Destination Medicine

Thursday, May 21, 2009

Time Machine

This time tomorrow, I will have finished the last test of my first year of medical school. Wow, that seems impossible. I was musing over all the stuff that I put myself and my family through to get to this point and now we have made it through one year. Wow. Wow. Wow. I should be studying right now, but I needed a break from microbiology. Too many bugs on the brain. I am also a little sleepy from having shadowed in the ER last night until 10 pm. It was a more depressing day to shadow, but also more gratifying in some ways. I really love the ER though, and I could definitely see myself working there. I am so impressed with the physicians that I meet in the ER, they really know their stuff. I on the other hand, feel like a complete idiot. Since I am a geezer as far as the class is concerned, I think sometimes people think I know more than I actually do. I am going to be scrambling to look up journal articles, clotting cascades, febrile seizures and types of anemia just to fix my understanding of some of the cases that I saw last night.

I can look at how far I have come, but there is still SO much to learn. I am going to enjoy the summer, but I will be ready to get back at it in August. I need to alter my plans for studying some and start thinking about the best way to cram all of the pharm and path in my head without forgetting all of the 1st year material. That will be challenging.

I also can't believe that in just a week my baby girl is going to graduate from kindergarten. Where did that time go? I can track my medical school journey back to 9 weeks after her birth, when I took my first tentative steps toward med school with an undergraduate math class. That seems like eons ago. I know the rest of it will fly by all too fast, as my kids grow, I develop into a physician.

I am also so deeply blessed to have Steven along for the ride. He has been my rock (how appropriate) and is the love of my life.

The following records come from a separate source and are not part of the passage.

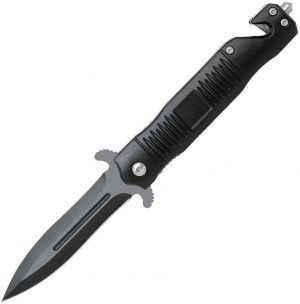 Assisted opening. 4.5″ (11.43cm) closed. 3.5″ (8.89cm) black oxide coated 8Cr13MoV stainless blade. Black anodized aluminum handle. Glass breaker. Belt/cord cutter. Extended tang. Pocket clip. Boxed.
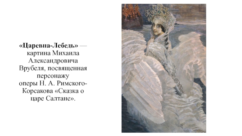 Слайд 10«Царевна-Лебедь» — картина Михаила Александровича Врубеля, посвященная персонажу оперы Н. А. Римского-Корсакова «Сказка о царе Салтане».
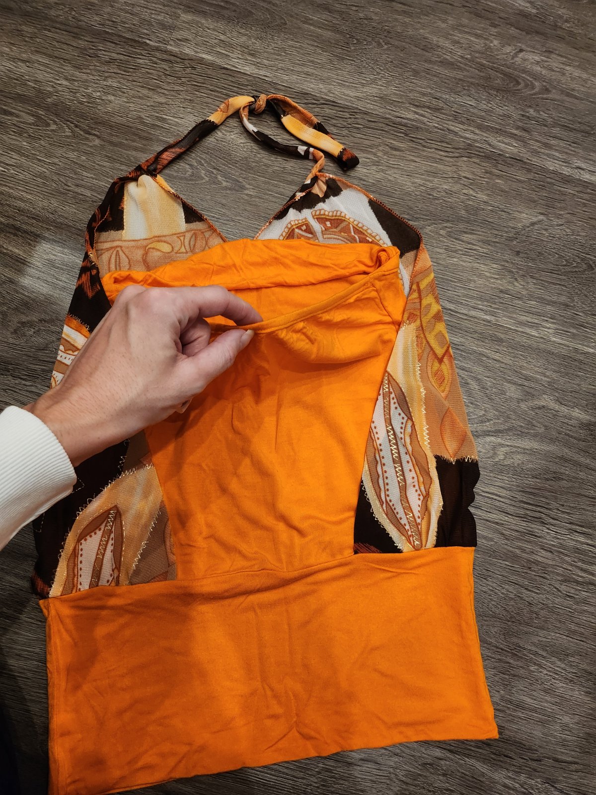Oranzova cast je akoby korzetova bez ramienok a sietkovana cast je okolo krku.
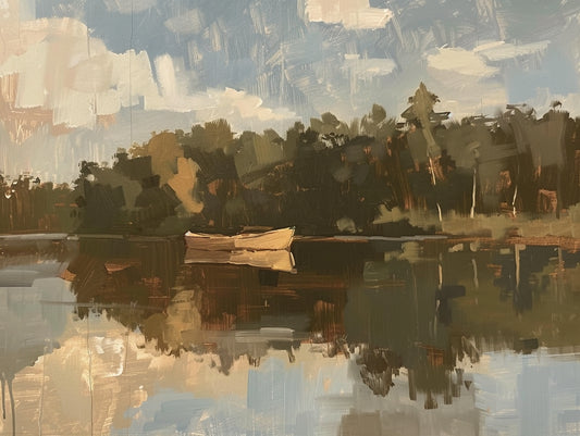 Klidné jezero s lodí
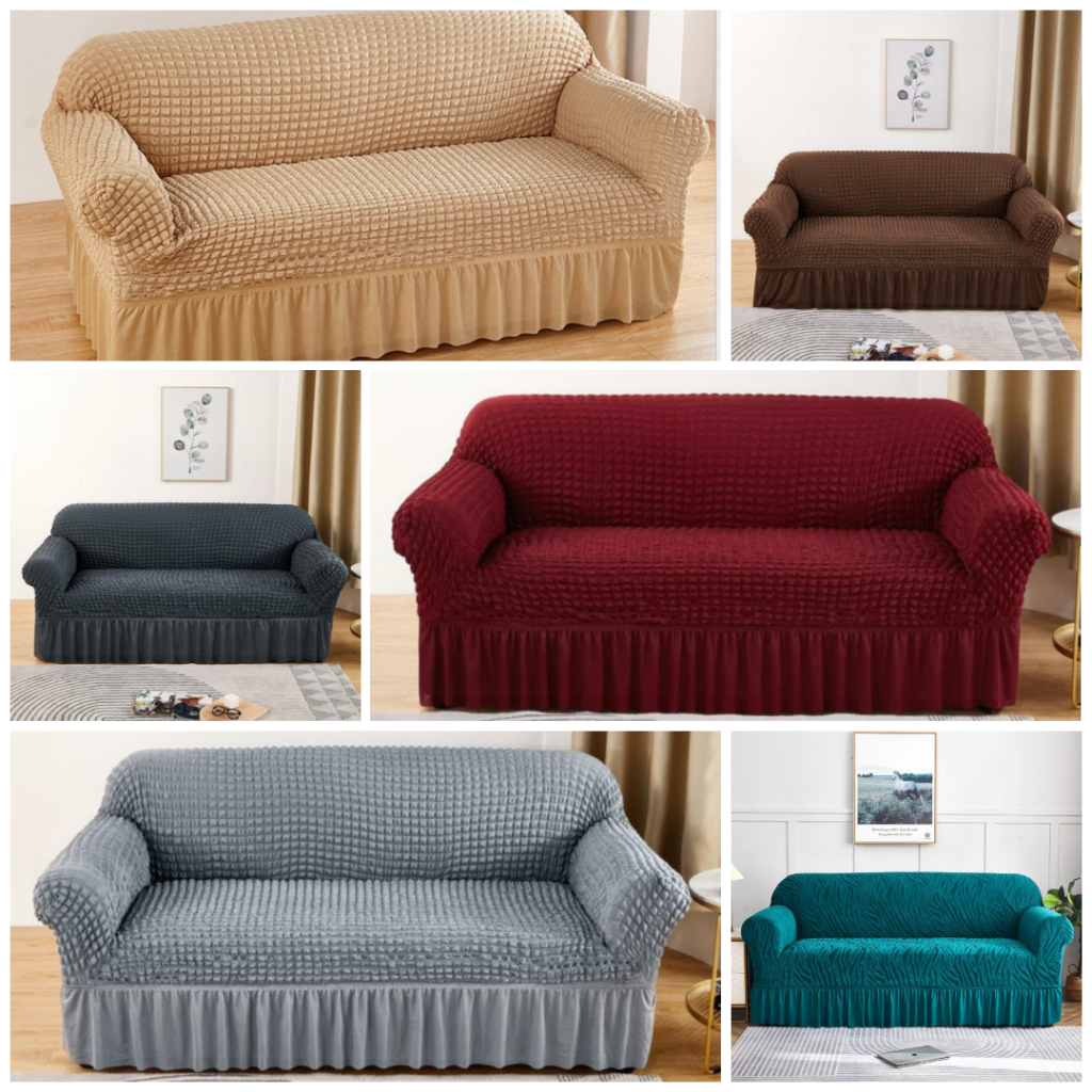 LECARRE Sofa Cover With Skirt Stripe Stretch / Sarung Alas Penutup Sofa Renda Elastis
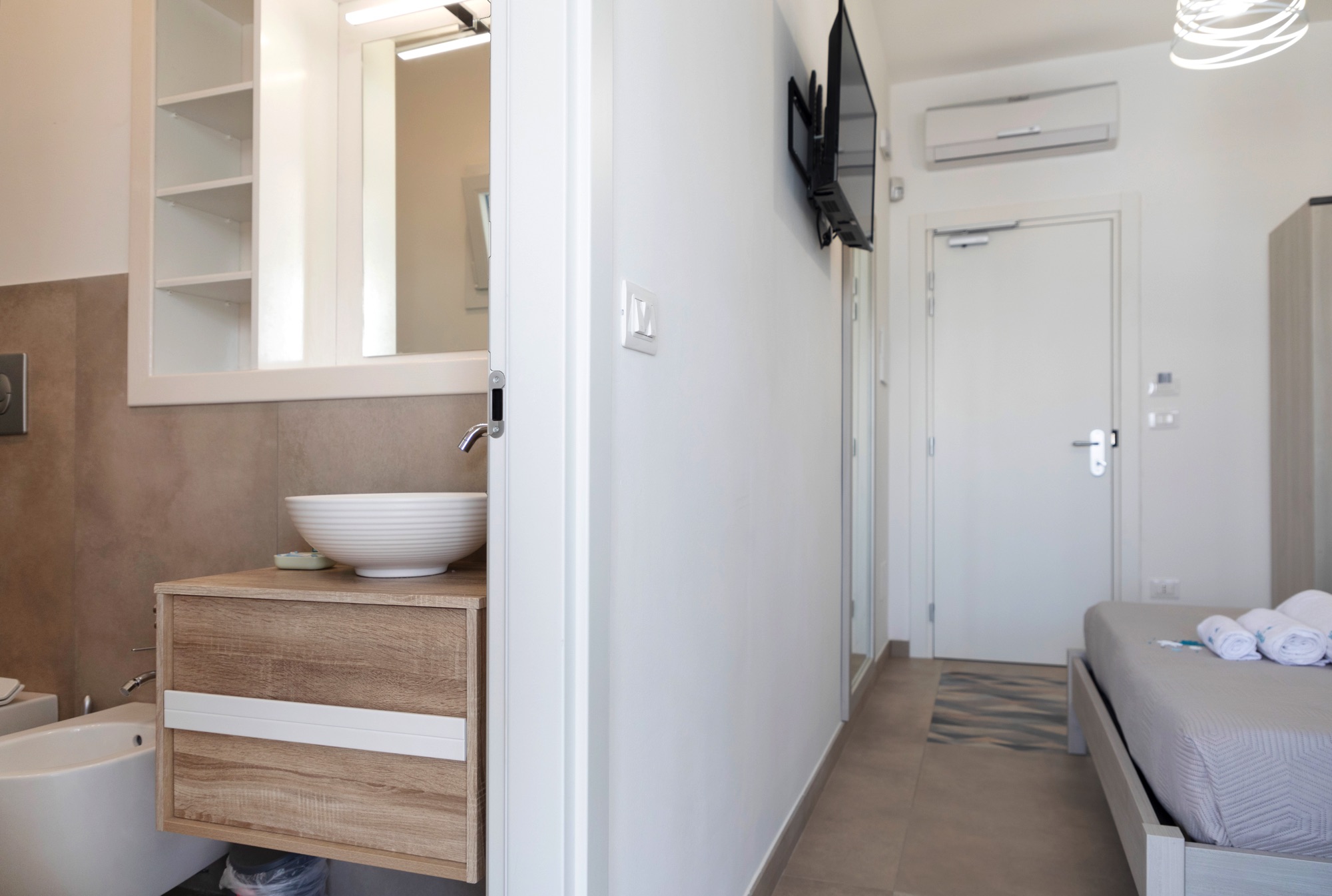 La camera è attrezzata per un confortevolissimo soggiorno all’insegna di servizi di primo livello, tecnologie d’avanguardia e lo charme di una struttura modernissima ed elegante. E poi, il mare, a pochi metri dalla stanza, che sussurra alla finestra e culla le notti.
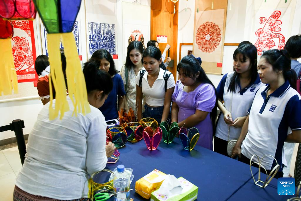 People attend a traditional Chinese paper-cutting exhibition at the China Cultural Center in Yangon, Myanmar, Nov. 5, 2025. A traditional Chinese paper-cutting exhibition was held at the China Cultural Center in Yangon on Wednesday. (Xinhua/Myo Kyaw Soe)
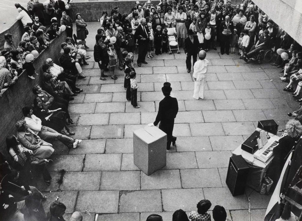 The Diggers Theatre Company’s performance of Welcome to the New Jerusalem is taking place outside the Oakengates Theatre just before the arrival of the People’s March for Jobs. In the play, several real life experiences are re-told. Like the man who has to commute to Smethwick for work: ‘We had to say goodbye to Telford because we couldn’t keep the car on the road’. Or the teenager frustrated by the Work Experience Programmes: ‘All I want is a proper Job!’.
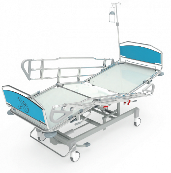 - Плавная регулировка спинной секции и ножной секции по углу наклона с помощью электропривода. Приведение ложа в положение Тренделенбург с помощью пневматических пружин.
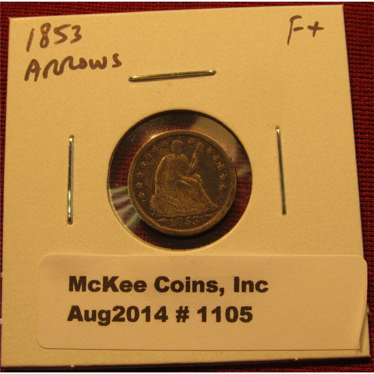 1105. 1853 arrows Seated Liberty Half Dime F+

At our wedding, we danced to "Grow Old Along with Me" by Mary Chapin Carpenter. The rest of the line continues "the best is yet to be." I certainly feel that way when Steven is holding my hand.

Saturday, May 09, 2009

Finals, Finally.

I knew it would happen this way. I was trying on that white coat for the first time, just last week, right? I have made it through every lecture, clinical correlate, and lab thrown at me and now all that I have left is finals. Not that the rest is a cake walk, but now, it kind of looks manageable. Except for neuro. I am having a problem with neuro. The last test just wasn't what I expected. I studied for hours, including arriving at the LRC at 4:15 in the morning of the test to get a nice 8 hour block in before the test. The test was just not what I studied for, it was an imposter. So I finally graded it and failed. Not by much, but fail. The really frustrating and gnawing evil is what I missed because of the test. At my daughter's school there was a Mother's Day breakfast. She sang and danced and at the end, runs to mom to give her a big hug. Except it wasn't mom. It was my mom, which was fine. I just can't believe that I worked so hard and ended up failing and letting my mother's day hug be placed on anyone else but me. It was one of the only time this year that I feel I really let her down. There have been other instances, but this was a biggie in my book. No one else can fill in for mom on mother's day. Abigail didn't seem to mind that much and told me all about it and gave me the book that all the kids presented to the moms. In it, she answers questions like "What is a mom's job?" Her answer: "To study." and "What does your mom want for Mother's Day?" Answer: A syringe. I hope no one thinks I am an IV drug user from that answer. Another little girl whose mother works for the DEA stated that her mom's job was "killing bad guys." so maybe the syringe part isn't so bad.

I still really love everything that has happened this year. I have made wonderful friends, seen amazing stuff and been able to meet and interact with amazing faculty. I am in a great place and I don't want to be anywhere else. That includes repeating Neuro next year, so I had better get back on the ball and study! Six more exams and a little freedom!